The aim of this study was to compare the 3-year efficacy and safety of biodegradable polymer with permanent polymer stents and of everolimus-eluting stents (EES) with sirolimus-eluting stents (SES).

Background

Biodegradable polymer drug-eluting stents (DES) offer potential for enhanced late outcomes in comparison with permanent polymer stents. In addition, there is increasing interest in the comparison of EES (Xience, Abbott Vascular, Abbott Park, Illinois) versus SES (Cypher, Cordis Corporation, Miami Lakes, Florida).

Methods

The ISAR-TEST 4 (Intracoronary Stenting and Angiographic Results: Test Efficacy of 3 Limus-Eluting Stents-4) was a randomized clinical trial with broad inclusion criteria, enrolling 2,603 patients at 2 clinics in Munich, Germany. Patients were randomized to either biodegradable polymer (n = 1,299) or permanent polymer stents (n = 1,304); patients treated with permanent polymer stents were randomly allocated to EES (n = 652) or SES (n = 652). The primary endpoint was the composite of cardiac death, target vessel-related myocardial infarction, or target lesion revascularization.

Results

Clinical events continued to accrue at a low rate out to 3 years in all groups. Overall, there was no significant difference between biodegradable polymer and permanent polymer DES with regard to the primary endpoint (20.1% vs. 20.9%, hazard ratio [HR]: 0.95, 95% confidence interval [CI]: 0.80 to 1.13; p = 0.59). Rates of definite/probable stent thrombosis were also similar in both groups (1.2% vs. 1.7%, respectively; HR: 0.71, 95% CI: 0.37 to 1.39; p = 0.32).
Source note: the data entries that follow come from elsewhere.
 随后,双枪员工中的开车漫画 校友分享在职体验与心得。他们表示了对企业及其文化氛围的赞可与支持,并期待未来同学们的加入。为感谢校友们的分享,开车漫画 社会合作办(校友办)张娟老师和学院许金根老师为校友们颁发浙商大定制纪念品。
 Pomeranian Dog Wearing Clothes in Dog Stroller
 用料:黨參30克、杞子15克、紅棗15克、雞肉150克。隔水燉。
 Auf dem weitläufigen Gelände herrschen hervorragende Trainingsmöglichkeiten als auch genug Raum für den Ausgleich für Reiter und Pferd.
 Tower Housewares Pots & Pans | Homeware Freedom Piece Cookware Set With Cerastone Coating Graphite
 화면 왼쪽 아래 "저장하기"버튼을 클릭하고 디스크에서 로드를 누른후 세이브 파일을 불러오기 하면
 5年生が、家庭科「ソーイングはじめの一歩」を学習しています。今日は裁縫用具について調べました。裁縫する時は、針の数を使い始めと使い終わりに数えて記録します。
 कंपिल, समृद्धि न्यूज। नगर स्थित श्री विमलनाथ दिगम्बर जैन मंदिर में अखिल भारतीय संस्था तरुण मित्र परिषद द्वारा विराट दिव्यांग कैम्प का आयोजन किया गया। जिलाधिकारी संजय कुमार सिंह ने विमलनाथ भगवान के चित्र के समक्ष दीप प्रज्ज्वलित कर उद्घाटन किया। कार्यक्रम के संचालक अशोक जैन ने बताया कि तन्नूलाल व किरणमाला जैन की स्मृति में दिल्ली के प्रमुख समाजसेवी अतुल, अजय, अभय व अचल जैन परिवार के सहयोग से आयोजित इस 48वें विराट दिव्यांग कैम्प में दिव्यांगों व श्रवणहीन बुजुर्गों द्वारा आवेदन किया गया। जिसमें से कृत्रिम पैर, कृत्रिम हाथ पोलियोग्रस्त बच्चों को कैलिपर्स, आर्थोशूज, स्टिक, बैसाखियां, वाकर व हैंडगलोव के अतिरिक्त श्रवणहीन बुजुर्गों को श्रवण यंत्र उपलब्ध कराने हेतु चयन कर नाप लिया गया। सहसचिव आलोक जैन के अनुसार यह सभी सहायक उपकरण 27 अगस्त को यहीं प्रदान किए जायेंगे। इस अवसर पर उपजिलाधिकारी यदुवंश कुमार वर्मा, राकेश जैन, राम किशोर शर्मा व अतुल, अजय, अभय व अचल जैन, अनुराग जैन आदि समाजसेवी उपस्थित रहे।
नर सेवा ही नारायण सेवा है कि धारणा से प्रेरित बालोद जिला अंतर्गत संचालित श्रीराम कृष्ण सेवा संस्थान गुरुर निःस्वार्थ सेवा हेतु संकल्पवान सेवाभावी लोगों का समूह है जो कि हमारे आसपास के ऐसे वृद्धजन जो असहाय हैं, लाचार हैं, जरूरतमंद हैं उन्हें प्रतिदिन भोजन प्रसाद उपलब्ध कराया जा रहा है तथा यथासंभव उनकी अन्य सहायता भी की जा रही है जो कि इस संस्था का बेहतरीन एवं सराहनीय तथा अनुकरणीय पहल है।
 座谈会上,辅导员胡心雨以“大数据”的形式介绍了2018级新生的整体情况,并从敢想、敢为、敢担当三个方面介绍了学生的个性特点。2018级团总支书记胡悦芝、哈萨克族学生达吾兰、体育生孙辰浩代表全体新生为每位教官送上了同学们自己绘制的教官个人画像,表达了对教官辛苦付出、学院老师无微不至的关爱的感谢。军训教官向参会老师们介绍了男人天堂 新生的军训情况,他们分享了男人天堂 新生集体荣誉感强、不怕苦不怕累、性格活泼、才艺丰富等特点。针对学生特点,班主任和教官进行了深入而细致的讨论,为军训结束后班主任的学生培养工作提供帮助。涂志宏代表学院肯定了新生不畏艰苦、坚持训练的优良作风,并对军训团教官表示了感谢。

In patients treated with permanent polymer stents, EES were comparable to SES with regard to the primary endpoint (19.6% vs. 22.2%, respectively; HR: 0.87, 95% CI: 0.68 to 1.11; p = 0.26) as well as definite/probable stent thrombosis (1.4% vs. 1.9%, HR: 0.75, 95% CI: 0.32 to 1.78; p = 0.51).

Conclusions

Biodegradable polymer and permanent polymer DES are associated with similar clinical outcomes at 3 years. In addition, EES are comparable to SES in terms of overall clinical efficacy and safety. (Intracoronary Stenting and Angiographic Results: Test Efficacy of 3 Limus-Eluting STents [ISAR-TEST 4]: Prospective, Randomized Trial of 3-limus Agent-eluting Stents With Different Polymer Coatings; NCT00598676)

Key Words

biodegradable
drug-eluting stent
everolimus
polymer
randomized trial
restenosis
sirolimus

Abbreviations and Acronyms

CI
confidence interval
DES
drug-eluting stent(s)
EES
everolimus-eluting stent(s)
HR
hazard ratio
MI
myocardial infarction
SES
sirolimus-eluting stent(s)
TLR
target lesion revascularization

Cited by (0)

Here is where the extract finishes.